- 1979 Turkmen rebellion in Iran: Part of the 1979 Iranian ethnic unrest
| Date | March 1979 - early 1980 |
| Location | Golestan, Iran |
| Result | Iranian victory Uprising crushed; Further marginalisation of the Turkmen people; |
| Territorial changes | The Iranian Armed Forces recapture all territory lost during the rebellion |

Belligerents
- Iran: Iranian Turkmen rebels

Commanders and leaders
- Ruhollah Khomeini Mostafa Chamran: Shir Muhammad Derakhshandeh Toumaj Centralized Council Leadership

Strength
- unknown: unknown
- Casualties and losses: unknown

= 1979 Turkmen rebellion in Iran =

Rebellion in Golestan province

The 1979 Turkmen rebellion in Iran was a significant ethnic and political rebellion led by Iranian Turkmens in Golestan province in the immediate aftermath of the Iranian Revolution. Motivated by longstanding grievances as an ethnic and religious minority in Iran, the Turkmen rebels demanded autonomy, land reform, and recognition of their identity.

==History==
Iranian Turkmens had long complained of marginalization by the state. During the Pahlavi era, Turkmens suffered systematic land confiscation under Reza Shah’s land reforms. These lands were often transferred to Persian Shi‘an elites and absentee landlords. Turkmens were also underrepresented in government, excluded from cultural expression, and subject to forced assimilation policies.

Immediately after the 1979 revolution, the Turkmen People's Cultural and Political Society, a Marxist group, emerged as the leading political body among Iranian Turkmens. Formed in Gonbad-e Qabus, the group advocated for decentralization, the autonomy for Turkmensahra, and the official recognition of the Sunni faith and cultural rights of Turkmens, and maintained armed self-defense units and created People’s Councils to organize village and regional administration.

Initially, some Turkmens hoped that the revolution might provide them with democratic reforms and local autonomy. However, a few months after the revolution, it became increasingly clear that the Islamic Republic was rejecting pluralism. The Council of the Islamic Revolution and Khomeini himself opposed federalism or ethnic autonomy, denouncing it as a threat to national unity. In March 1979, tensions erupted into open conflict when the IRGC were deployed to Gonbad-e Qabus after clashes between Turkmen militias and local Persian landlords supported by the new government.
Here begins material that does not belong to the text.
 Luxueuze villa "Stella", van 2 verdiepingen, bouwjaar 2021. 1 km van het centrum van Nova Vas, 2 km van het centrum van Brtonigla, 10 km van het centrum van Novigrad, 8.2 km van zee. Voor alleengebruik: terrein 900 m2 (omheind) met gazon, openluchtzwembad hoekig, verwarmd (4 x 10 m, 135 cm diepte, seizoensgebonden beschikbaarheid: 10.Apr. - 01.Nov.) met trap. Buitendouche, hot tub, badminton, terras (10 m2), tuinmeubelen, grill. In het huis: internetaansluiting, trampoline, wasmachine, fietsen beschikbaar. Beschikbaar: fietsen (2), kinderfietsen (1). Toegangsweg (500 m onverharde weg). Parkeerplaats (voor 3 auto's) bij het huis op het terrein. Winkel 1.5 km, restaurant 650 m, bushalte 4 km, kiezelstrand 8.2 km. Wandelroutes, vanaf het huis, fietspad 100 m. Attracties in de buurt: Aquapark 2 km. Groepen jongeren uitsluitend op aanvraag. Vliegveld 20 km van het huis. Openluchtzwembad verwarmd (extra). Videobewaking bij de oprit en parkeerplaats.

The clashes immediately sparked when the Turkmen militants occupied land owned by Persian elites and refused to vacate it, demanding it be returned to the Turkmens.

Fighting worsened in Gonbad-e Qabus, where Turkmen militias seized government buildings. The IRGC responded with a siege of the city. Despite initial resistance, Turkmen forces were poorly equipped and lacked outside support. Iranian state forces regained control after heavy fighting, arrests, and extrajudicial executions. A second wave of resistance in May and August 1979 saw renewed fighting in villages such as Khalilabad, Aq Qala, and Bandar-e Torkaman. Iranian security forces reportedly used heavy artillery, mass arrests, and torture. Several Turkmen leaders, including Abdollah Shoureshi, were detained, and others disappeared.
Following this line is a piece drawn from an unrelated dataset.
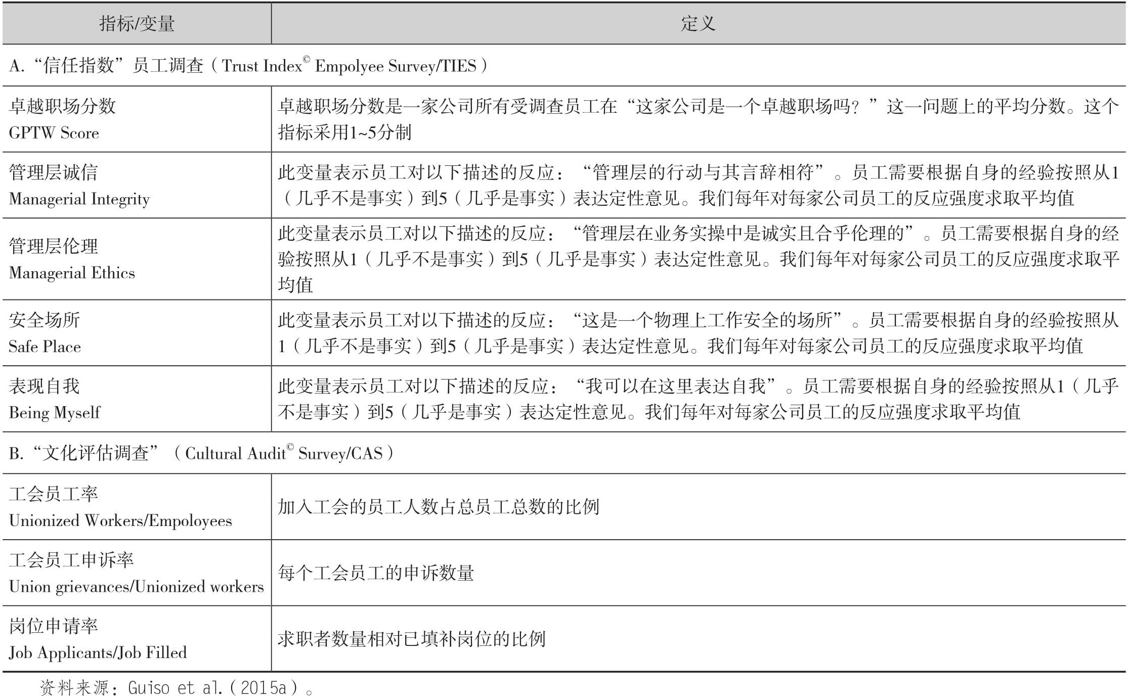 因为公司网站外宣的价值用词无法传递出真正的价值观所在,所以为了解决这个问题就需要寻找其他的另类数据源,由此Guiso et al.(2015a)就使用了卓越职场研究所(Great Place to Work®/GPTWI)的调查数据。[36]
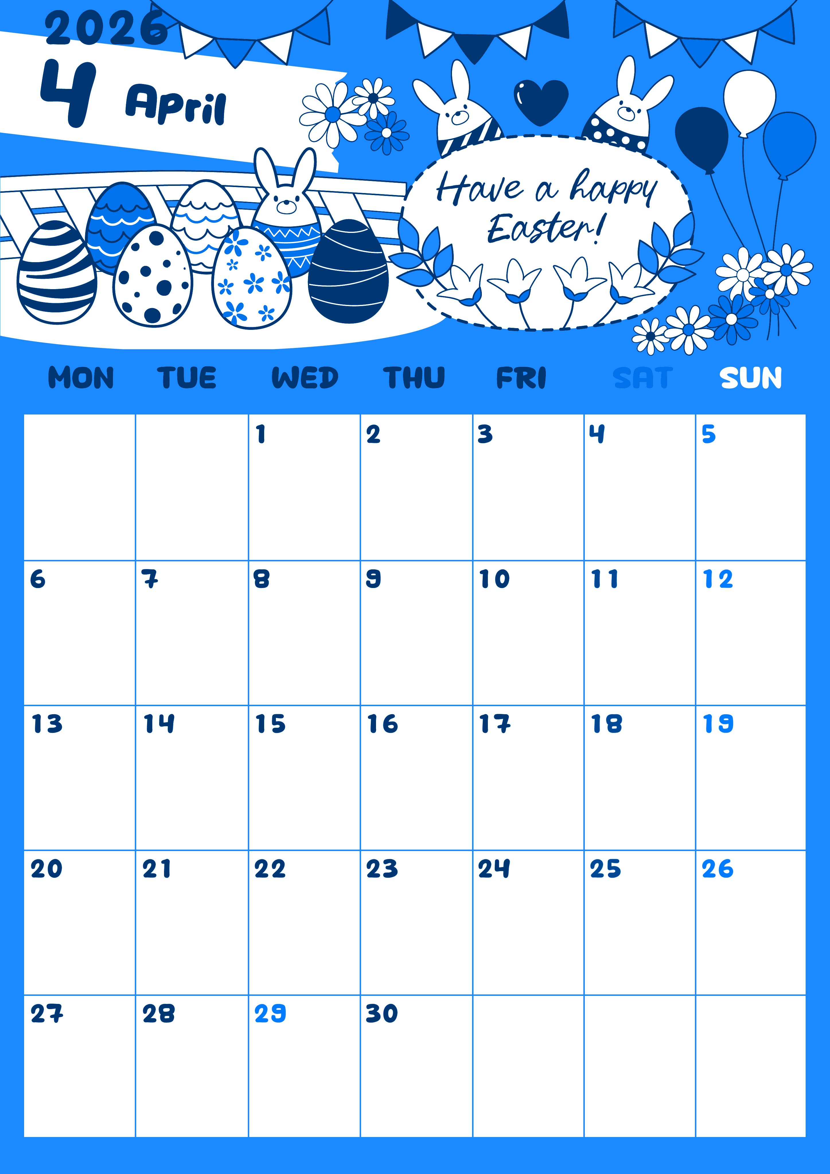 2026年4月縦型月曜始まりの無料テンプレートブルーのカレンダーです。イースターエッグとフラッグといったフェスティバル感が満載のイラストがかわいいブルーのカレンダー素材です。ダウンロードは無料にて行えて便利です。(2026-00880411)

By early 1980, the revolt was suppressed as the IRGC occupied of Turkmen towns, caused significant damage to Turkmen militias, and purged political opponents. Many Turkmen militants were imprisoned or forced into exile. The uprising left a profound sense of alienation among many Iranian Turkmens. It became a symbol of broken revolutionary promises, and many Turkmens withdrew from political engagement in the Islamic Republic. Unlike the Kurdish or Baluchi movements, the Turkmen rebellion was short-lived but symbolically potent.